Sentiment Analysis of Dallas Mavericks Tweets Part 1

Cleaning Data for Tweets Mentioning the Dallas Mavericks

Posted by Brian Johns on May 18, 2023 · 1 min read

Code for this project can be found HERE

My first notebook introduces the problem space for this project by asking the question: How can we predict the sentiment of tweets directed at a professional sports team?. In this case, I am using tweets that mention the key phrase ‘Dallas Mavericks’.

In order to answer this, I acquired data that was collected by Alex Huggler by gathering all tweets that mentioned ‘Dallas Mavericks’ during the 2021-22 basketball season. The data is hosted on Kaggle and can be found HERE and hosted on Kaggle.

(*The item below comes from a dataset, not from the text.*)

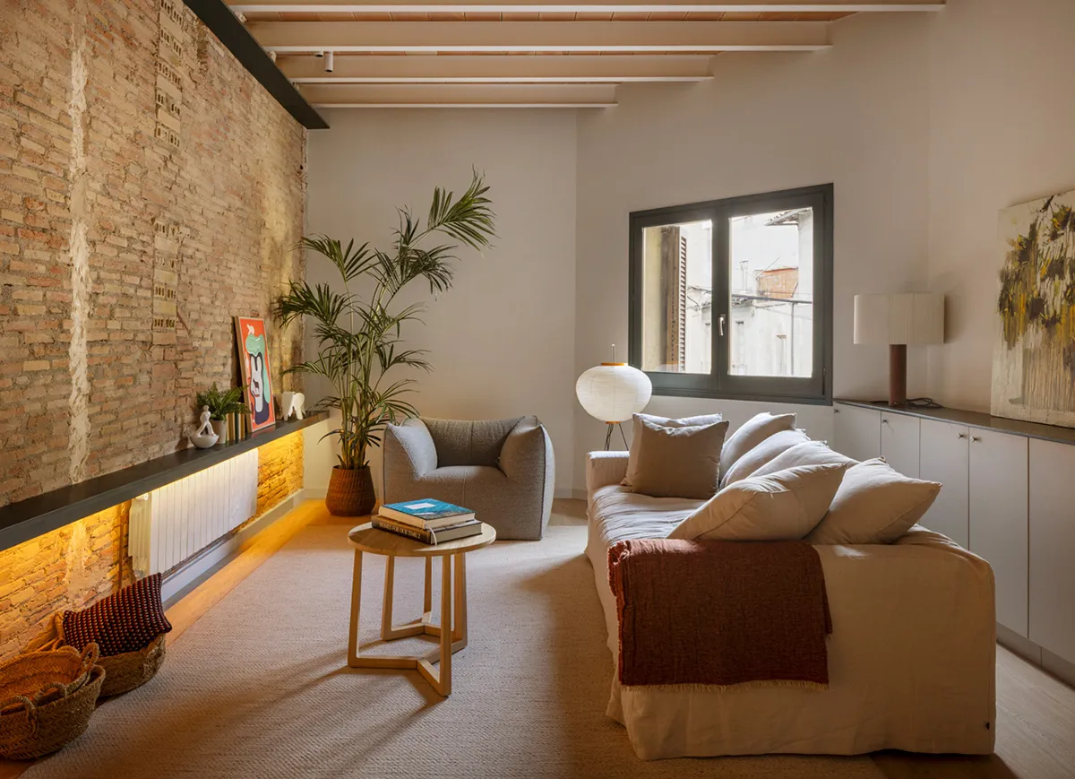 Balcones, pared de ladrillo y distribución incomoda: apartamento en Barcelona (65 m²)

I utilized the Pandas library in order to organize and manipulate the data. In doing so, I:

  • Focused on English Language Tweets
  • Removed Emojis from the Tweets
  • Utilized VADER to get Sentiment Scores for each tweet
  • Used the Sentiment Scores to establish whether a tweet was Positive, Negative or Neutral. This classification became the target variable for my modelling.

The end result of this was a somewhat imbalanced dataset, where approximately 40% of the tweets were Positive, 40% were Neutral but only 20% were Negative.

With the dataset cleaned, the next step was to use Natural Language Processing and Feature Engineering to ensure the dataset was ready for modelling and this was conducted in Part 2 of this project.